Take “While You Were Sleeping” minus the slapstick comedy, add a more engaging “In the Bedroom” plus “The Greatest,” and subtract everything about that awful movie “Wake” and you’ve got Switzerland’s nomination for the Oscars: “The Friend.”
In other words, “The Friend” is great. It is the story of a boy, Emile, who obsesses over a local musician named Larissa. One day Larissa approaches Emile and asks him to pretend to be her boyfriend in front of her parents. Emile is excited about this prospect until he finds out that Larissa died the next day. Her family invites him over to share in their grief and Emile starts to develop feelings for Larissa’s sister.
Taking its time in all the right places, Emile’s story slowly unfolds with cloudy uncertainty. Who Larissa really was and the exact nature of her death remains unclear as Emile tries to navigate through the workings of her family. Knowing nothing personal about Larissa, he has to continually lie to people he has come to really enjoy being around, even in their grief.

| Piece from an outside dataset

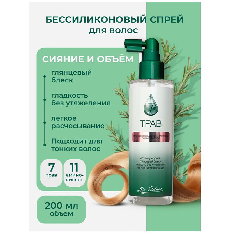 Бессиликоновый спрей для волос Сияние и объём 7 Трав

Every performance in this film is mesmerizing. As opposed to Hollywood filmmaking, these actors seem content to stay quiet, sober, and not quite attractive. And though what they are saying is in a language that I don’t understand, every inflection and expression is global.
Here is a film that deals with the grieving process in a realistic way. No one succumbs to insane, throwing-glass breakdowns, and no one seems to remain in complete denial of the situation. Instead, everyone is pretty accepting of a loved ones death. They find ways to cope and they seem to try to move on with their lives. It’s nice to see a film that seems to be informed by real people.